The Verge reported existence of the app on Friday, and Earlier this morning, WindowsBlogItalia posted a handful of images from the app, which is currently in internal beta testing at Microsoft. Now, Windows Central has even more images from the app in action, revealing a little more about the layout and capabilities.
On the forefront, Work Assistant seem to be very straightforward. Users can add multiple accounts to the service, and then either type in or verbally search for their Office documents. The search engine notices file names, location (where it is stored), file type, and when the file was last accessed.

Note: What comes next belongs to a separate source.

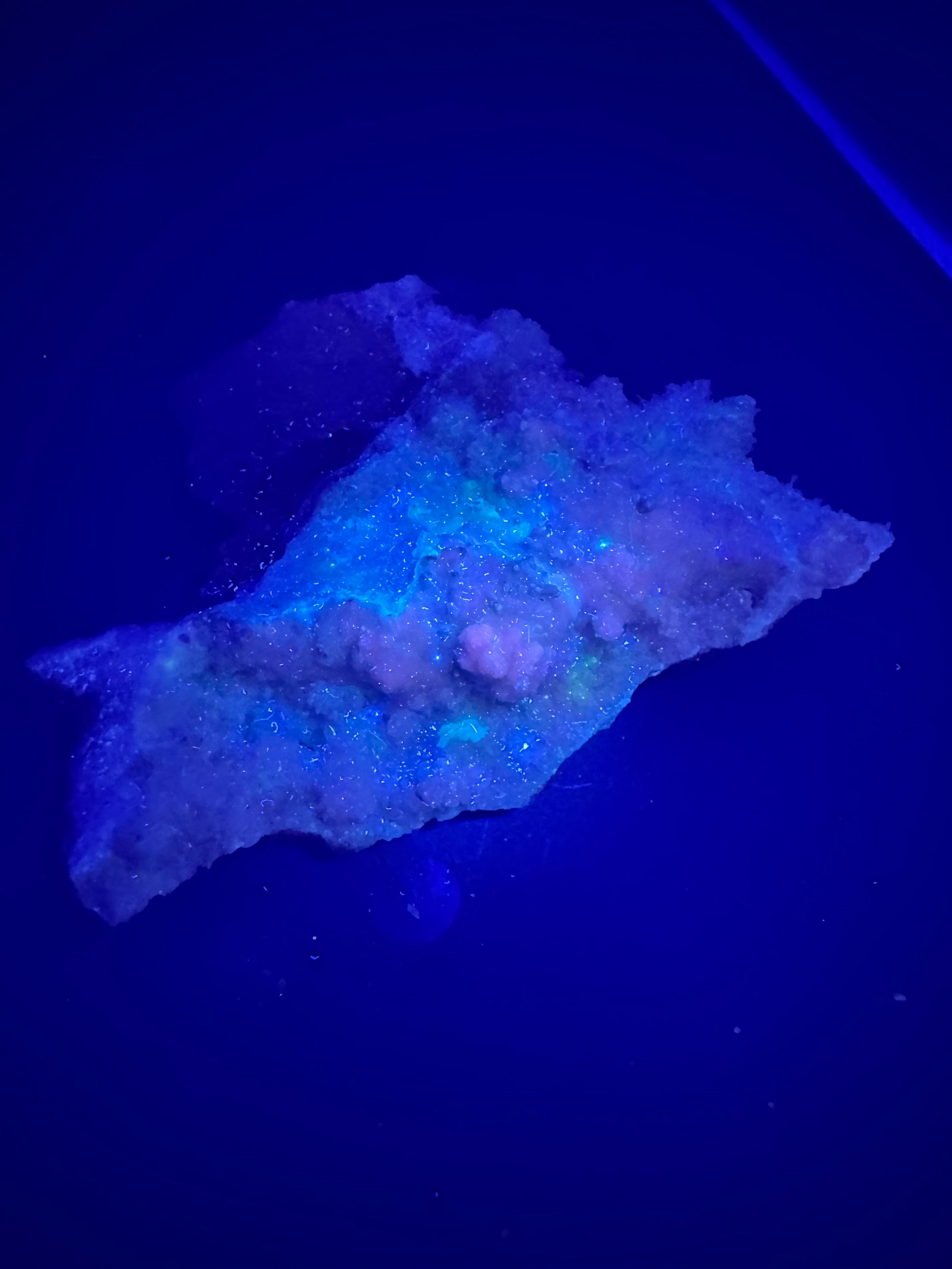 Discover the captivating beauty of this UV reactive, multi-colored Grateful Dead Calcite from the renowned La Ojuela mine in Mapimi, Durango, Mexico. Weighing 239 grams, this unique specimen glows vibrantly under UV light, showcasing a stunning array of colors that make it a remarkable addition to any collection. Perfect for mineral enthusiasts and collectors seeking a rare and visually striking piece, this calcite combines natural artistry with fascinating luminescent properties. Elevate your collection with this extraordinary treasure from one of Mexico’s most famous mineral sites.

Commands for the service include Find, Open, view, edit, load, Share, send, email (with a person or with your previous, current, or next meeting). Examples given of complete commands include:
- 'Send my planning deck to Kat Larsson'
- 'Share my formula bar spec with my current meeting'
- 'Open the strategy document from last week'
As consumers, academics, and businesses move more and more to the cloud, being able to find information is going to be important. Office Work Assistant appears to be a simple but powerful solution for users, who can then ask their phones where that document is based on various metadata points.
No word on an exact release for Office Work Assistant, but seeing as the Office apps for Windows 10 can be updated through the Store at any time, Windows Phone users get it right quick when it is ready.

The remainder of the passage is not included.